I love Ft. Stewart... I told martin that if i lived closer to it I might get fired for not goin' to work. This trip was a fun time. We saw plenty hogs and truth be told, my hog stood still one arrow too long. yep, I missed with the first one- and number two- three times a charm though, and my third offering caught him just right and he only made it maybe 50-70 yds...
   I got on a second group in the morning of day 2 and made the mistake of bearing down on a hog before I had accounted for all that may be present. SOOO- I was trained on a big red boar and the wind was perfect. He was down on his front knees rooting for all he was worth, something good must've been down there cause he was intent on getting whatever it was. I was smiling inside because i had gotten inside my comfy zone with a great wind in my face- all I was waiting on was for him to get up off his knees so i could see his chest a little better, and then then a smaller hog walked out of the palmettos about four feet to my left, looked at the me for a split second, and then "woofed" really loud and then I found myself all alone. I felt a little stupid, that's happened to me a few times now- busted by a pig that I didn't see first. Oh, well. 
   The rain got us a lot. It rained every day to some degree. Poor knee-deep, He gets drenched more than anybody I know. That's another story. I had a great time with some great friends and met a few new ones.... I'm gonna get back over there as soon as I get an opportunity.
I was a shootin' a new to me Toelke Chinook 51# @ 28"- fir arrows made by yours truly, and Magnus II 125gr.


----------



## SELFBOW (Aug 3, 2014)

I felt a little pressure on me at first to get everyone in areas that would be good as I've struggled a little more this summer than the last four finding them. Right off we find some Dendy gets a kill, Todd tries a stalk and the fun began.
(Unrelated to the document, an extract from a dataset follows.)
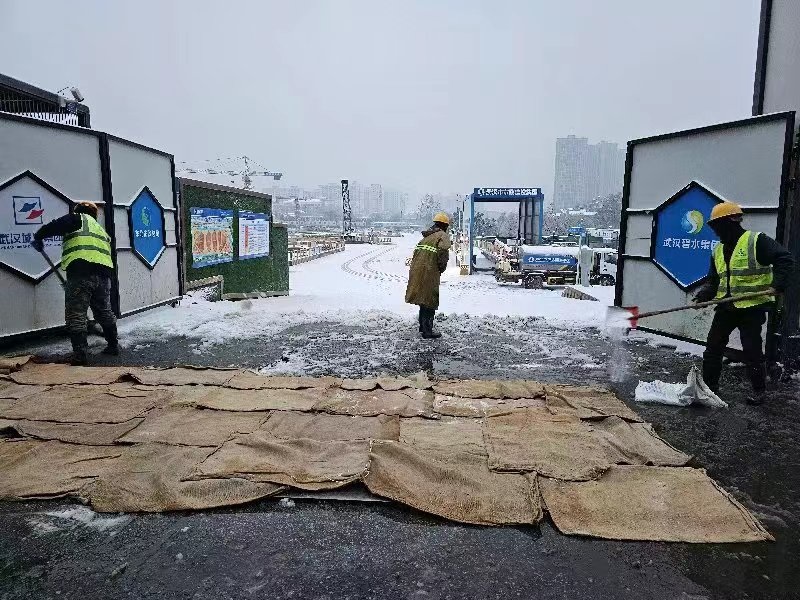 ? ? ? ?巡司河綜合治理二期項(xiàng)目投入除雪作業(yè)人員29人,鋪設(shè)麻袋150件,除雪鏟車一臺(tái),除雪鹽15袋,保障白沙洲大道及南湖部分路段行車安全;巡司河綜合治理一期項(xiàng)目突擊隊(duì)51人,頂風(fēng)冒雪,全力清除項(xiàng)目施工區(qū)域及武梁路面上的積雪;巡司河街污水管道及跨復(fù)興路箱涵工程總承包(EPC)項(xiàng)目齊心協(xié)力,分工明確,高效配合,對(duì)現(xiàn)場(chǎng)電纜線及水管已進(jìn)行防寒保護(hù),聯(lián)合社區(qū)對(duì)工地周邊道路除雪去冰;青山濕地二期項(xiàng)目部組織18人突擊隊(duì)、鏟車1臺(tái),拋撒工業(yè)鹽0.5噸,草墊麻袋10捆,為青山汽渡碼頭道路、輪渡碼頭行人通道及周邊住戶掃除積雪;南湖生態(tài)活水項(xiàng)目補(bǔ)水通道工程突擊隊(duì)20人,拋灑2噸融雪劑,對(duì)項(xiàng)目?jī)?nèi)部道路及周邊近2公里道路進(jìn)行融雪除冰。

Next am Dendy gets on some more and later I chase some w everyone nearby. Then it rained, Poyner found one and Todd had one cross a dim road he had walked down just mins before. It rained thru the night some and I found fresh sign in one spot but no pigs. Brandon got his midday and that pm nothing for me, Dendy, and Micheal cept deer and a few misses on bullfrogs....Van had his miss. 

By Saturday am everyone was beat. 2 1/2 days of daylight to dark in the heat and rain had us soar, soaked and tired. We cleared camp and me and Micheal checked some new ground(we will be back to it)
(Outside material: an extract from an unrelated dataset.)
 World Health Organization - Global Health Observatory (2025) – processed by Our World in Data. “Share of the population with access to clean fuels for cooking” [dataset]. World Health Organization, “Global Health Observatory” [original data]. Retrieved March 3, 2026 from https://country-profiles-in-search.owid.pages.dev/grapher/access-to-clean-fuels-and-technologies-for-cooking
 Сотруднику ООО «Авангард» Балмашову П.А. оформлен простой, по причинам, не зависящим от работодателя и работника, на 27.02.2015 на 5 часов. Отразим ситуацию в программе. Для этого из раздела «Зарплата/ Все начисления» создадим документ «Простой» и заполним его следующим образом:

It was a great time, my wife said Nolan couldn't stop talking about it. He left us Fri pm.    

I took this picture the first afternoon and it really shows to me what these group hunts are about.....

Loved it!


----------



## sawtooth (Aug 3, 2014)

what these group hunts are about.....

yep......and that is a great picture, Dendy might have it framed.


----------



## Clipper (Aug 3, 2014)

Sounds like you guys had some quality hunting experiences and some good times in the rain.  Proud for you and wish I could have come.


----------



## Todd Cook (Aug 3, 2014)

Dendy should


----------



## Hunting 4 Him (Aug 4, 2014)

Sounds like a good time was had by all, enjoyed the story.


----------



## SOS (Aug 4, 2014)

Good stuff!  Ft. Stewart is nice.


----------